Two divisions of the town may be distinguished, the upper, or principal, and the lower.

The whole ground upon which the ruined habitations stand is overgrown with oak trees, which hide the ruins. In the lower town, over the door of an edifice which has some arches in its interior, and which has been converted in modern times into a Greek church, is an inscription, in which the words [Greek] only, were distinguishable.

A street leads up to this building, paved with oblong flat stones placed obliquely across the road in the same manner which I have described at Shohba. Here are several other buildings with pillars and arches: the principal of them has four small columns in front of the entrance and an anti-room leading to an inner apartment, which is supported by five arches. The door of the anti-room is of one stone, as usual in this country, but it is distinguished by its sculptured ornaments. A stone in this building, lying on the ground, is thus inscribed: [xxxxx].

[p.85]The principal building of Kanouat is in the upper part of the town, on the banks of the Wady. The street leading up to it lies along the deep bed of the Wady, and is paved throughout; on the side opposite to the precipice are several small vaulted apartments with doors. The entrance of the building is on the east side, through a wide door covered with a profusion of sculptured ornaments. In front of this door is a vestibule supported by five columns, whose capitals are of the annexed form. This vestibule joins, towards the north, several other apartments; their roofs, some of which were supported by pillars, have now all fallen down. The abovementioned wide door opens into the principal apartment of the edifice, which is twenty-two paces in breadth by twenty-five in length. From each side of the entrance, through the middle of the room, runs a row of seven pillars, like those described above; at the further end, this colonnade is terminated by two Corinthian columns. All the sixteen columns are twenty spans high, with pedestals two feet and a half high.

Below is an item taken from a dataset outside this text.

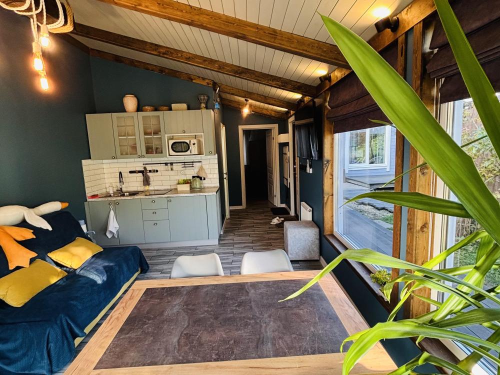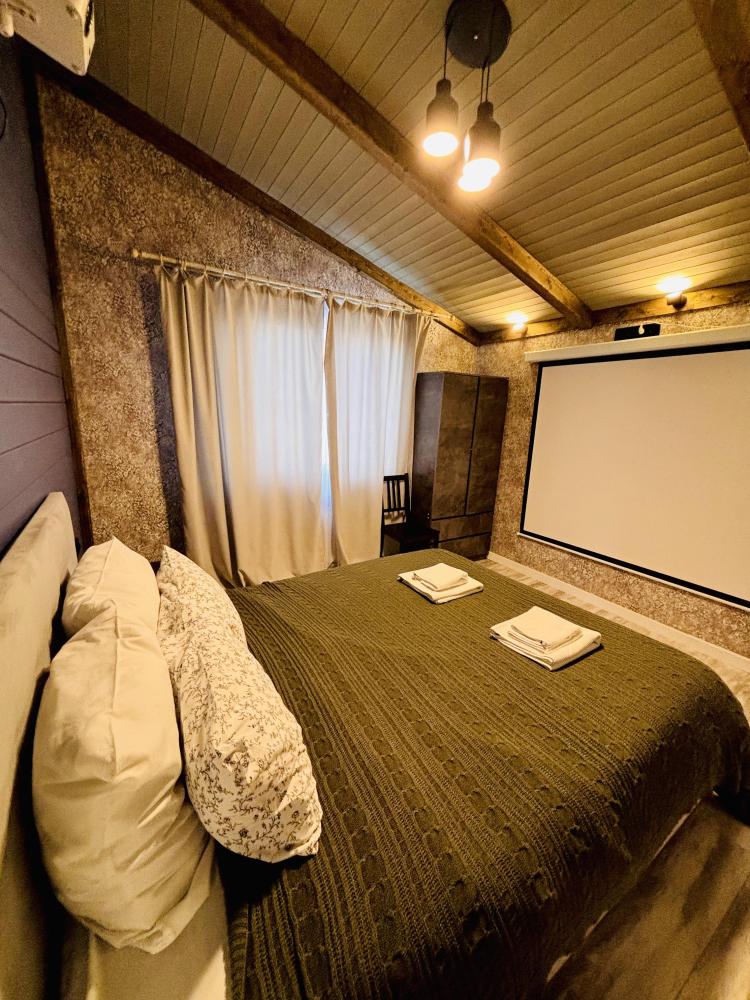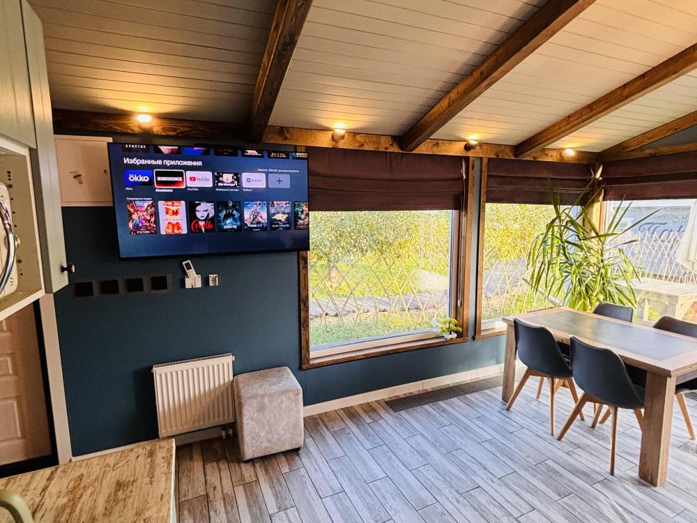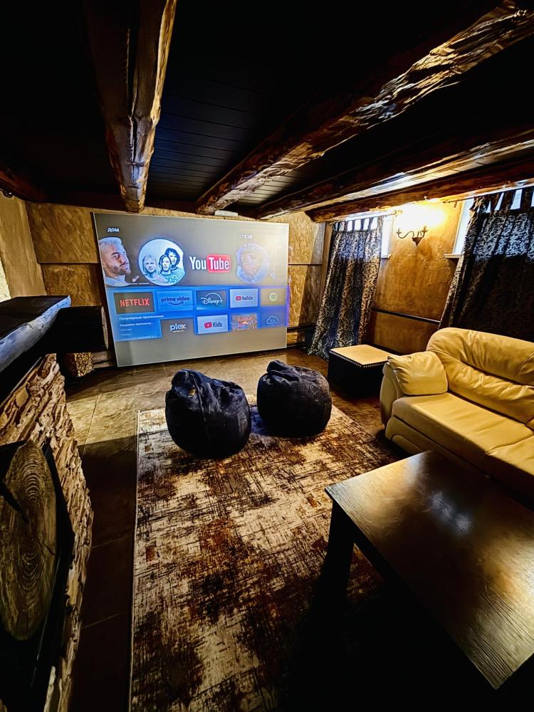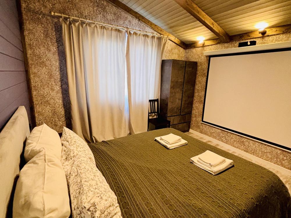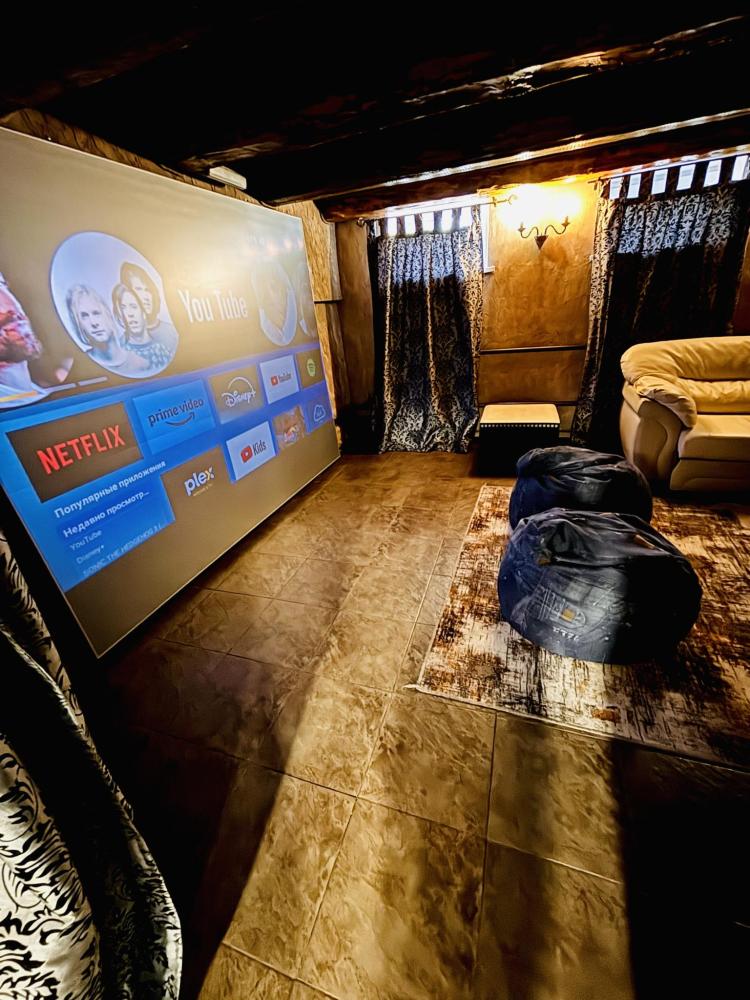 В доме: кухня-гостиная с диваном и панорамными окнами, из которых открывается вид на вал с одной стороны и на Рождественский собор с другой, спальня с проектором для комфортного отдыха, совмещенный санузел. Так же есть веранда для уютных летних вечеров. Есть Wi-fi.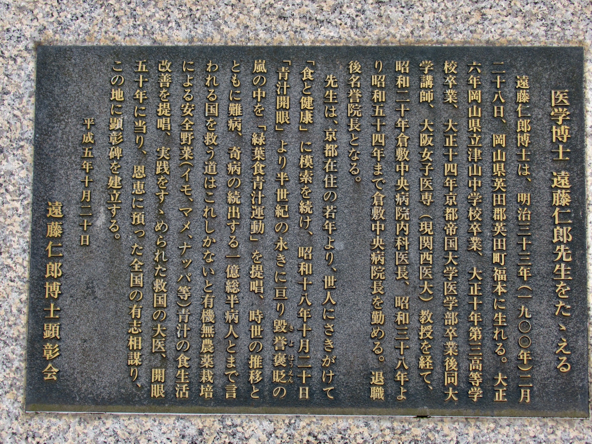 【1900年(明治33年)岡山県の生まれ。1925年(大正14年)京都帝大(現京都大学)医学部卒。その後、京大講師を経て大阪女子医専(現関西医科大学)教授に就任。1943年(昭和18年)より「青汁」を創始。青汁は博士のヒナ子夫人が命名。1945年(昭和20年)倉敷中央病院に赴任、病院給食に青汁を採用。その後同病院の院長に就任。】

In the wall on the left side of this saloon are three niches, supported by short pillars. To the west is another vestibule, which was supported by five Corinthian columns, but four of them only are now standing. This vestibule communicates through an arched gate with an area, on the W. side of which are two Corinthian pillars with projecting bases for statues. On the S. side of the area is a large door, with a smaller one on each side. That in the centre is covered with sculptured vines and grapes, and over the entrance is the figure of the cross in the midst of a bunch of grapes. I observed similar ornaments on the great gate at Shakka, and I have often seen them since, over the entrances of public edifices.